Это движение было последнею жертвою долга любви: им хотела она доказать, что любила в Густаве не Адольфа, наследника миллионера, любимца королевского, а самого Густава, бедного, ничтожного в глазах других, но достойного ее привязанности.
«Я никогда не увижу его, – думала она, – пусть это будет последнее доказательство того, что я к нему чувствовала; пусть не презирает он меня! После этой минуты я вся принадлежать буду моим обязанностям».
Густав с жаром поцеловал ее руку, на которую канули его горячие слезы, повторил роковое: «Простите!»; сказал то же Биру, хотел еще что-то присовокупить, но вид места, где он находился, свидетели, их окружавшие, сомкнули его уста – и он поспешил из жилища скотника. На дворе остановился он против раскрытой двери. Луиза все еще стояла на одном месте, она невольно обернулась: прощальный взгляд ее пал еще раз на Густава. Казалось, он только и ожидал этого взгляда, чтобы с новым приращением счастья удалиться. Можно вообразить себе различные чувства, попеременно волновавшие душу Луизы. С особенным удовольствием выслушала она от семейства бывшего кастеляна, каким образом Густав начал посещать их, как он благотворил им сначала тайно и, наконец, продолжал делать им добро с таким великодушием, что отказываться от этого добра значило оскорбить его.
– Он не дал нам узнать нищету: скоро заставил нас забыть и горестное наше состояние. Все, что вы видите на нас и в нашем домишке, ему принадлежит. Да пошлет ему бог то, чего он сам желает! да наградит его супругою, которая душой была бы на него схожа! – так говорила жена бывшего кастеляна, и взоры ее пристально остановились на Луизе, в смущении потупившей глаза. Невольный вздох девицы Зегевольд доказывал, что не ей суждено быть наградой, о которой молила добрая женщина для своего благодетеля. По крайней мере она внутренно гордилась и утешалась тем, что если сердце ее ошиблось в предмете любви, который долг осуждал, то не ошиблось оно в нравственных его достоинствах, имеющих право на лучшую участь и вознаграждение.
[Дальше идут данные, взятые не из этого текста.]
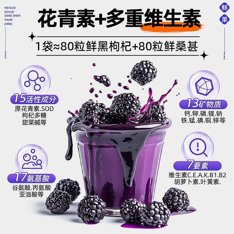 桑葚富含花青素、白藜芦醇、维生素E等抗氧化成分,能清除自由基,延缓细胞老化 。北京医院专家指出,其抗氧化能力是蓝莓的3-5倍 。
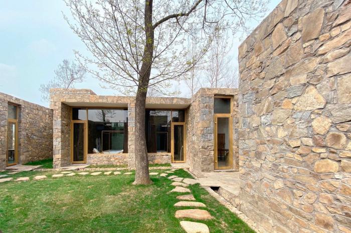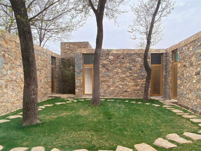 整座建筑磐居在山丘脚下,四面围合而成的建筑体量包含了餐厅、茶室、客房及接待室。每个房间的窗与中心庭院反向而开,这样的布置保证了流线朝内而视线朝外。基于私密问题的考虑,我们在窗外同样利用石头堆砌的矮墙来界定外空间与建筑边界,矮墙与朝外向的大面积开窗之间又形成了独立于整体建筑的微院落,既保证了室内空间的采光与视野,同时也满足了在整体空间中私密空间与公共空间的转换。
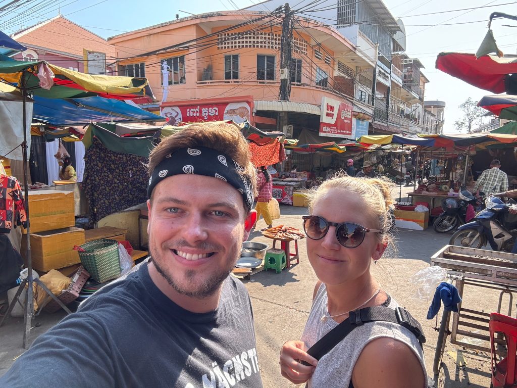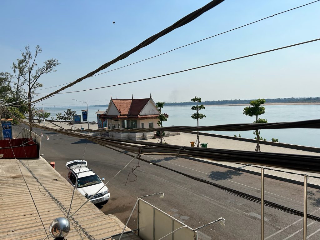 Nach 6-7 Stunden Fahrt wurden wir in Kratie vor unserem Hotel rausgelassen. Wir checkten für drei Nächte ein und waren gegen 14 Uhr auf unserem Zimmer. Wir liefen los in die Stadt, ein Restaurant für unser Mittagessen suchen. Irgendwie hatten alle geschlossen, sodass wir in das teure Bootsrestaurant am Ufer des Mekongs gehen mussten. Danach gingen wir zurück ins Zimmer. Ich hatte heftige Kopfschmerzen und legte mich früh schlafen. Kratie ist nicht groß. Bis auf die Delfine im Mekong, warum wir hier sind, gibt es eigentlich nichts zu sehen. Bei Booking.com gab es hier sogar kaum Unterkünfte. Hier hatten wir die günstigste Unterkunft bisher seit Thailand mit 7€ die Nacht für das Zimmer, es war allerdings auch ein sehr einfaches Zimmer. Es war leider direkt neben einer Schule wo es von morgens bis abends 17 Uhr laut war mit Kindergeschrei und Singsang. Außerdem gab es über den Mittag für ein paar Stunden, angeblich in dem ganzen Ort, kein Wasser.
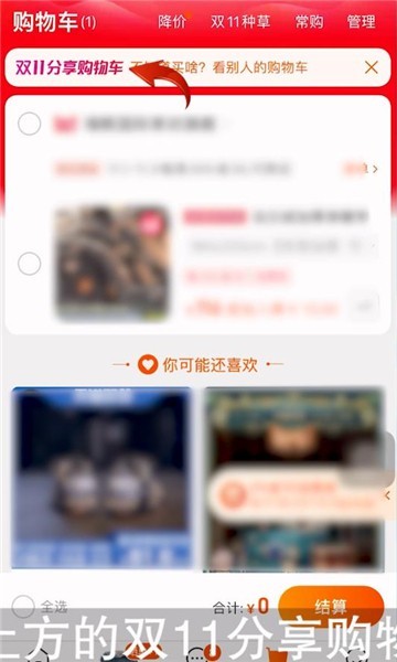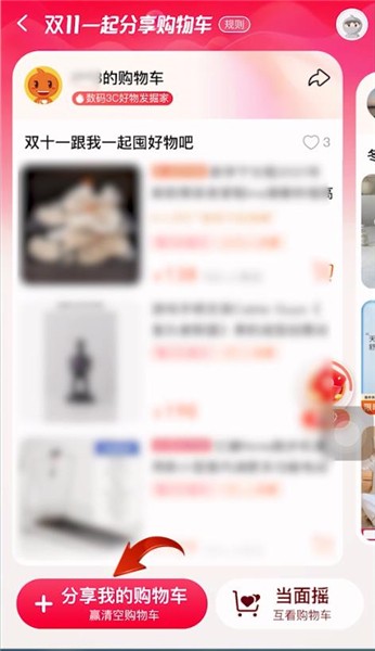 第一步:打开淘宝客户端,然后点击底部的购物车图标,点击页面上方的双11分享购物车活动栏,
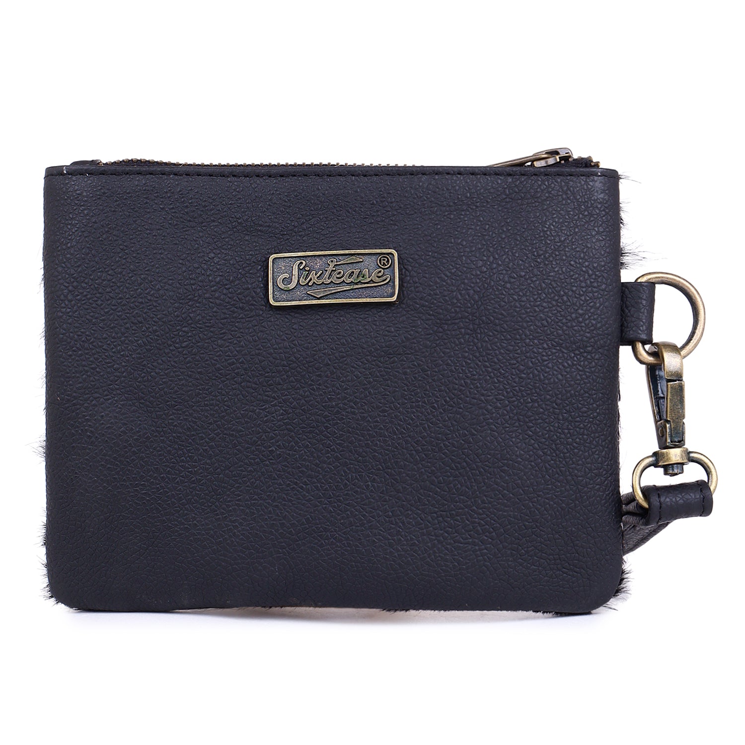 Sixtease's Rustic Treasures Wristlet: Vintage Leather, Rustic Hairon Design - Carry a Touch of Rustic Charm in Every Treasure! - (SB-7123)

Расставшись с семейством скотника, Луиза оставила в его хижине благодетельные следы своего посещения. Не видав Густава, она сделала бы то же из великодушия, из сожаления к несчастным; теперь благотворила, может быть, по влечению другого чувства; может быть, присоединилась к этому и мысль, что дары ее смешаются вместе с дарами Густава, как сливались в эти минуты их сердца. Спутник ее, смотря на радость добрых людей и слушая рассказы о благородных поступках Густава, был восхищен до седьмого неба.